Whimsical Stakes
- Class: Grade III
- Location: Woodbine Racetrack Toronto, Ontario
- Inaugurated: 1956
- Race type: Thoroughbred - Flat racing
- Website: woodbine.com

Race information
- Distance: Six furlong sprint
- Surface: Tapeta
- Track: Left-handed
- Qualification: Fillies & Mares, 4-Years-Old & Up
- Weight: Allowances
- Purse: $115,500 (2016)

= Whimsical Stakes =

The Whimsical Stakes is a thoroughbred horse race run annually in mid April at Woodbine Racetrack in Toronto, Ontario, Canada. A Grade III race since 2006, it is open to fillies and mares aged four and older. It is raced over a distance of 6 furlongs on Tapeta synthetic dirt and currently carries a purse of $115,500.

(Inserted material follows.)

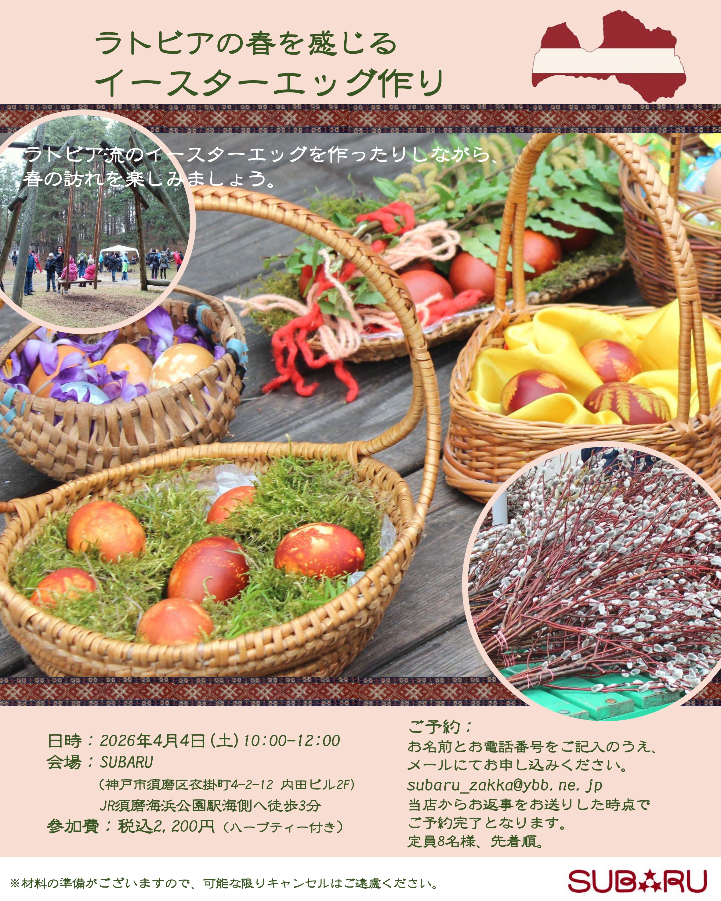 日程:2026年4月4日(土)10:00-12:00 | ラトビアでは春分祭やイースターで、イースターエッグを作ってお祝いします。当日は2種類の卵を使って、ラトビア流のイースターエッグを作ります。ほかにもラトビアならではのアイテムが登場するかも?ラトビアの春についてお話ししながら楽しいひとときを過ごしましょう! 参加費:税込2,200円(ハーブティー付き) ご予約:メール(subaru_zakka@ybb.ne.jp宛て)でお申し込みください。お名前とお電話番号をお知らせください。当店からお返事をお送りした時点でご予約完了となります。各回定員8名様、先着順。 ※材料の準備がございますので、可能な限りキャンセルはご遠慮ください。 |

Since its inception in 1956 at Toronto's Greenwood Raceway, the race has been contested at various distances:
- 6 furlongs : 1956 at Greenwood Raceway, 1975 at Fort Erie Racetrack, 1976–1979, and since 1986 at Woodbine Racetrack
- 6 1/2 furlongs : 1957 at Greenwood Raceway, 1968-1974 at Fort Erie Racetrack
- 7 furlongs : 1958-1960, 1980-1985 at Greenwood Raceway
- 1 mile : 1961-1966 at Greenwood Raceway
- 1 mile : 1967 on turf at Fort Erie Racetrack

The race was run in two divisions in 1981 and 1984.

==Records==
Speed record: (at current distance of 6 furlongs)
- 1:08.35 - Boardroom (2021)

Most wins:
- 3 - Prospective Dolly (1991, 1993, 1994)

Most wins by an owner:
- 3 - Estate of M. Rich & N. Clements (1991, 1993, 1994)
- 3 - Larkin Maloney & Conn Smythe (1958, 1959, 1960)
- 3 - Stafford Farm (1966, 1976, 1979)
- 3 - Sam-Son Farms (1983, 1988, 2017)

Most wins by a jockey:
- 6 - Dave Penna (1984, 1987, 1988, 1991, 1993, 1994)
- 6 - Patrick Husbands (2000, 2006, 2012, 2018, 2023, 2024)

Most wins by a trainer:
- 5 - Mark E. Casse (2012, 2018, 2022, 2023, 2024)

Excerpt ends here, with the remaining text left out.